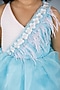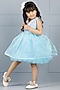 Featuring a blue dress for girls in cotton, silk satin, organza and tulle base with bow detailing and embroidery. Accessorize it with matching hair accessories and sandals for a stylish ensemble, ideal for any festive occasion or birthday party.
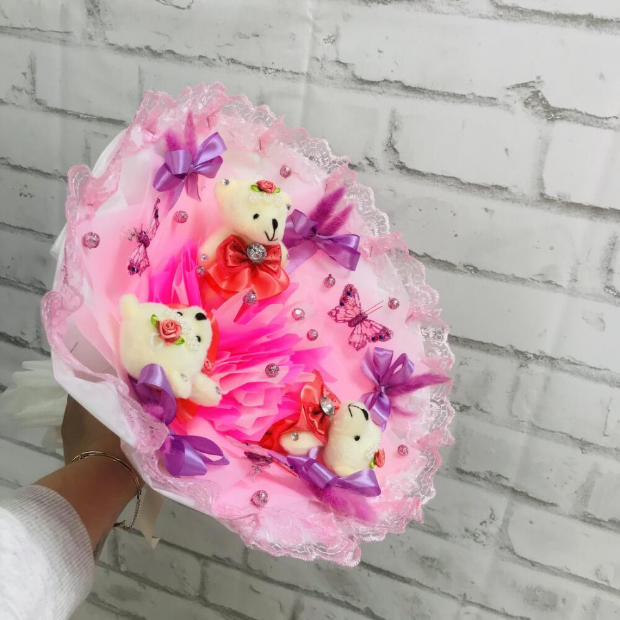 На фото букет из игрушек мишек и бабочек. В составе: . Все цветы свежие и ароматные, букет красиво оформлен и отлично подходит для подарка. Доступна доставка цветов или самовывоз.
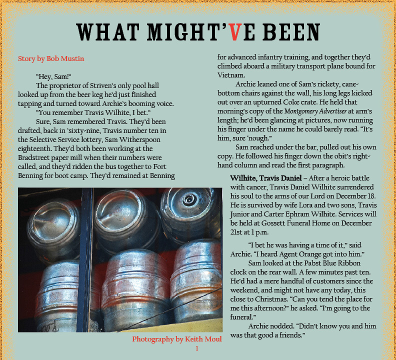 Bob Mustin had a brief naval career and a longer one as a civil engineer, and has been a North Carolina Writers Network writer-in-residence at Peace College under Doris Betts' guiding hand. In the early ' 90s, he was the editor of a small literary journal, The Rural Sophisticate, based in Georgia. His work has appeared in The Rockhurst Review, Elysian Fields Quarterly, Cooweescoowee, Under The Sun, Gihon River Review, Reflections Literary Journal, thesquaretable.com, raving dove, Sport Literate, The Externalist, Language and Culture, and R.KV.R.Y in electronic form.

* * *

#### ASSIGNMENT
Copy all the material word for word, minus its pictures.

#### OUTPUT FOR THIS EXERCISE
 Featuring a blue dress for girls in cotton, silk satin, organza and tulle base with bow detailing and embroidery. Accessorize it with matching hair accessories and sandals for a stylish ensemble, ideal for any festive occasion or birthday party.
 На фото букет из игрушек мишек и бабочек. В составе: . Все цветы свежие и ароматные, букет красиво оформлен и отлично подходит для подарка. Доступна доставка цветов или самовывоз.
 Bob Mustin had a brief naval career and a longer one as a civil engineer, and has been a North Carolina Writers Network writer-in-residence at Peace College under Doris Betts' guiding hand. In the early ' 90s, he was the editor of a small literary journal, The Rural Sophisticate, based in Georgia. His work has appeared in The Rockhurst Review, Elysian Fields Quarterly, Cooweescoowee, Under The Sun, Gihon River Review, Reflections Literary Journal, thesquaretable.com, raving dove, Sport Literate, The Externalist, Language and Culture, and R.KV.R.Y in electronic form.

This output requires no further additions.